Однажды в Москве, в присутствии княжны Марьи (ей казалось, что отец нарочно при ней это сделал), старый князь поцеловал у m lle Bourienne руку и, притянув ее к себе, обнял лаская. Княжна Марья вспыхнула и выбежала из комнаты. Через несколько минут m lle Bourienne вошла к княжне Марье, улыбаясь и что то весело рассказывая своим приятным голосом. Княжна Марья поспешно отерла слезы, решительными шагами подошла к Bourienne и, видимо сама того не зная, с гневной поспешностью и взрывами голоса, начала кричать на француженку: «Это гадко, низко, бесчеловечно пользоваться слабостью…» Она не договорила. «Уйдите вон из моей комнаты», прокричала она и зарыдала.
На другой день князь ни слова не сказал своей дочери; но она заметила, что за обедом он приказал подавать кушанье, начиная с m lle Bourienne.
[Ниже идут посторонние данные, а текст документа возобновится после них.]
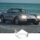Muscle Car on the Beach Découpage Paper: Klassische Muskelwagen treffen auf Sonne, Sand und surfen in diesem Retro Stranddesign - perfekt für Heimwerker und Dekor.

В конце обеда, когда буфетчик, по прежней привычке, опять подал кофе, начиная с княжны, князь вдруг пришел в бешенство, бросил костылем в Филиппа и тотчас же сделал распоряжение об отдаче его в солдаты. «Не слышат… два раза сказал!… не слышат!»
«Она – первый человек в этом доме; она – мой лучший друг, – кричал князь. – И ежели ты позволишь себе, – закричал он в гневе, в первый раз обращаясь к княжне Марье, – еще раз, как вчера ты осмелилась… забыться перед ней, то я тебе покажу, кто хозяин в доме. Вон! чтоб я не видал тебя; проси у ней прощенья!»
Княжна Марья просила прощенья у Амальи Евгеньевны и у отца за себя и за Филиппа буфетчика, который просил заступы.
В такие минуты в душе княжны Марьи собиралось чувство, похожее на гордость жертвы. И вдруг в такие то минуты, при ней, этот отец, которого она осуждала, или искал очки, ощупывая подле них и не видя, или забывал то, что сейчас было, или делал слабевшими ногами неверный шаг и оглядывался, не видал ли кто его слабости, или, что было хуже всего, он за обедом, когда не было гостей, возбуждавших его, вдруг задремывал, выпуская салфетку, и склонялся над тарелкой, трясущейся головой. «Он стар и слаб, а я смею осуждать его!» думала она с отвращением к самой себе в такие минуты.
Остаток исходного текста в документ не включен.